11. A method for preparing a polybenzoxazine derivative vitrimer, comprising the step of polymerizing a single ester-containing benzoxazine monomer of formula (I), which can be obtained by any one of claims 1 to 4 or any one of claims 5 to 10, at a temperature in the range of 100°C to 250°C for 1 to 24 hours.

12. The following features: (i) T 100°C to 250°C; preferably 130°C to 220°C, more preferably 130°C to 190°C v Value, and (ii) 100°C to 300°C, preferably 130°C to 200°C, more preferably 130°C to 180°C, ≥ T v The relaxation temperature value is a value. A polybenzoxazine derivative vitrimer exhibiting at least one of the following.

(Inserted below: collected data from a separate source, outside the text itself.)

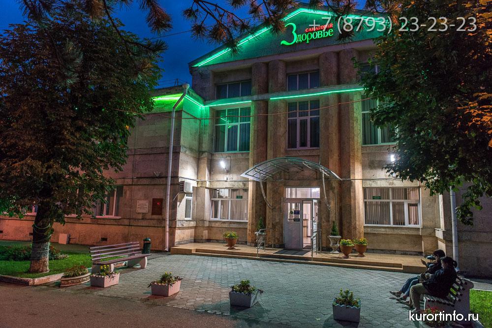 Одной из популярных здравниц города Железноводска является санаторий «Здоровье». Важной особенностью здравницы является ее удобное расположение в курортной зоне города, в шаговой доступности от целебных минеральных источников. Дойти до известных источников можно всего за 5 минут.
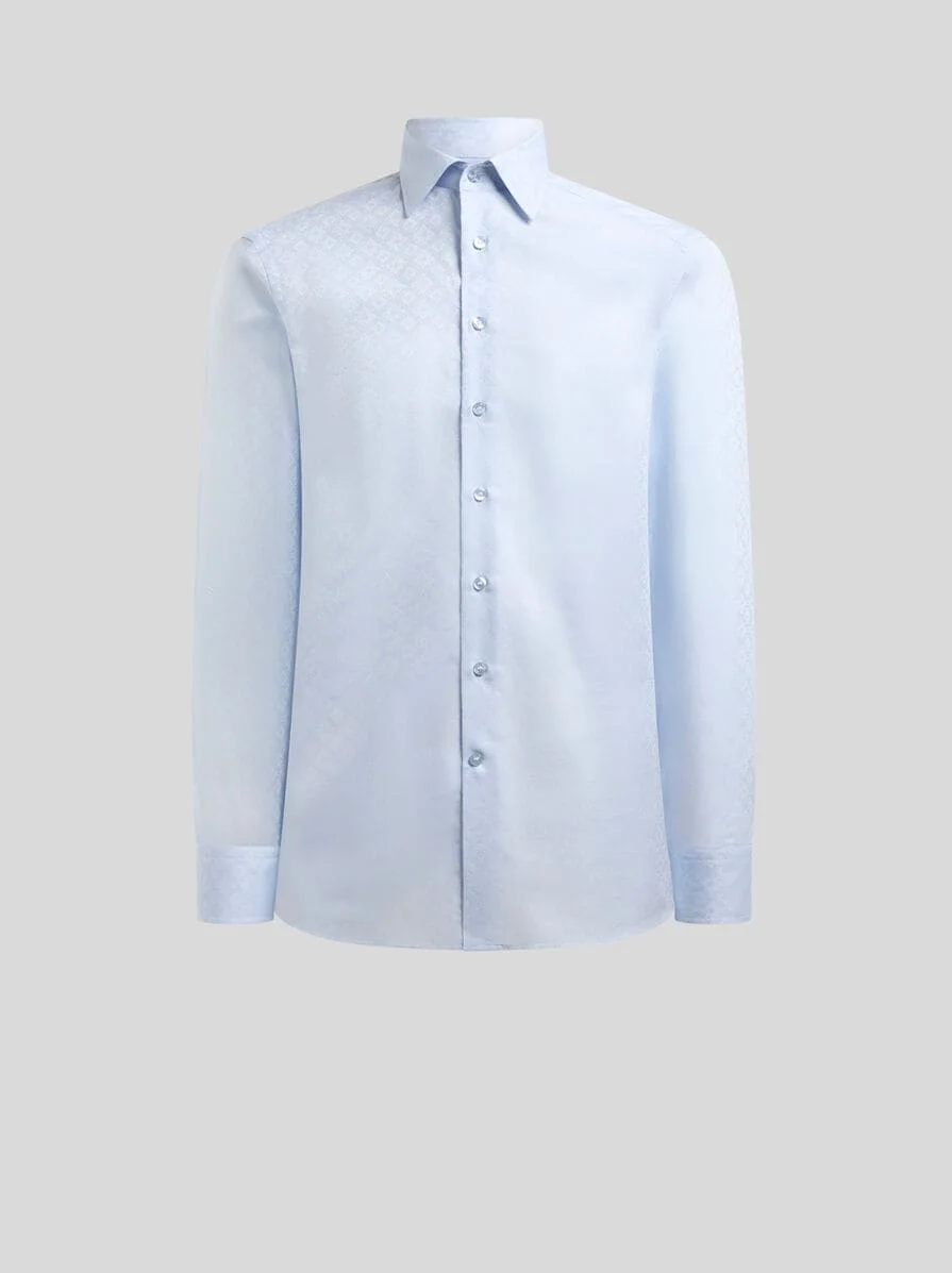 Pure cotton jacquard shirt with tonal all-over geometric motif. • Roma regular fit • Pointed collar, 3.1 inches (8 cm) wide • Button closure • Double-buttoned working cuffs • Made in Italy • The model is 6' 1½" (187 cm) tall and wears a size 39 (IT) PRODUCT DETAILS • 100% cotton
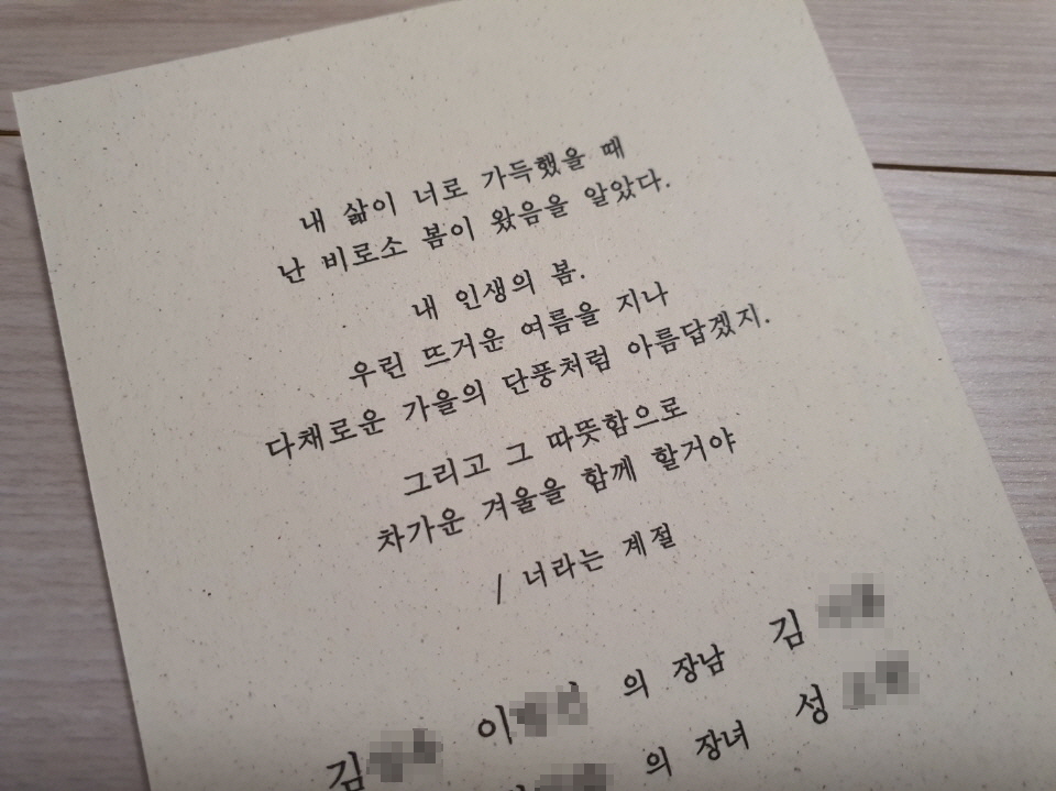 우리 부부는 받는사람이 기억하길 바라는 마음으로 청첩장을 고르기 시작했다.

13. Relaxation period of 0.5 seconds to 2 hours, preferably 1 second to 1 hour, more preferably 5 seconds to 50 minutes; Activation energies related to relaxation time, ranging from 50 kJ / mol to 200 kJ / mol, preferably 70 kJ / mol to 170 kJ / mol, more preferably 100 kJ / mol to 160 kJ / mol; and Processing temperature of 100°C to 250°C, preferably 130°C to 250°C, more preferably 150°C to 200°C, and most preferably 150°C to 170°C. The polybenzoxazine derivative vitrimer according to claim 12, which shows the above.